L’amour (pour une femme), l’indépendance économique, la valeur des petites choses, la guerre, le suicide. Il y a plusieurs raisons pour lesquelles il mérite d’être lu et relu


Scritique et critique littéraire, élevé dans un milieu privilégié par un père des lettres, Leslie Stephen, parmi des auteurs de la trempe d’Henry James et de TS Eliot, Virginia Woolf (1882-1941) est une femme en avance sur son temps. Vibratile perfectionniste déterminé à défier toutes les règles; outsider déclaré dans une société greffée sur des conventions inflexibles. Une époque où l’on s’attend à ce qu’une dame serve le thé en conversant gracieusement, produise une grande progéniture et dépende de son mari à tous égards.

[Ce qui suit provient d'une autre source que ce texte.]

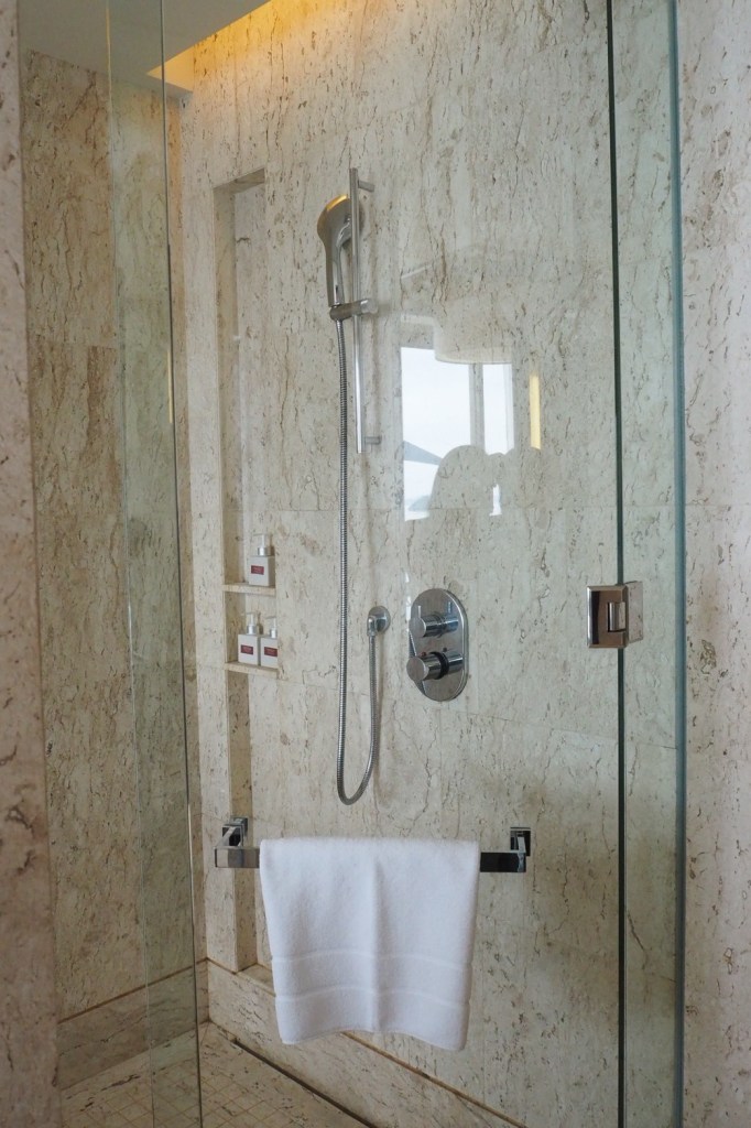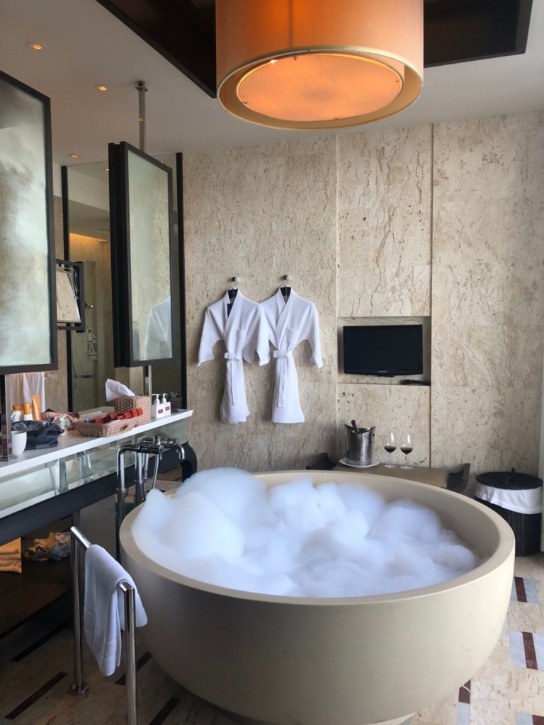ห้องน้ำเป็นหินอ่อนให้ความหรูหรา มีกระจกเปิดกว้างมองเห็นวิวทะเลขณะที่นอนแช่อ่างชมพระอาทิตย์ตกดินได้เลย ฟินสุดๆ

« Une chambre pour soi », et pour soi seul

Grande, élancée, élégante, hiératique, Virginie fume un cigare. Elle est proche des mouvements suffragettes, soutient les revendications des femmes britanniques pour obtenir le droit de vote, l’accès à l’université et une carrière. Elle travaille, écrit des critiques littéraires, écrit des romans, fait répéter des ouvrières dans un internat de banlieue et compte l’argent. Il compte son argent, cet argent qui est le fondement de l’émancipation : « Si une femme a l’intention d’écrire des romans, elle doit avoir une chambre à elle », comme elle l’écrit dans l’essai du même nom de 1929, et pour qu’il soit vraiment tel, il doit le payer par lui-même. Fièrement, sur la pointe d’un stylo, il écrit. Il peut être caustique : « PPendant tous ces siècles, les femmes ont servi de miroirs, dotées de la propriété magique et délicieuse de refléter la figure de l’homme au double de la taille de la vie.« .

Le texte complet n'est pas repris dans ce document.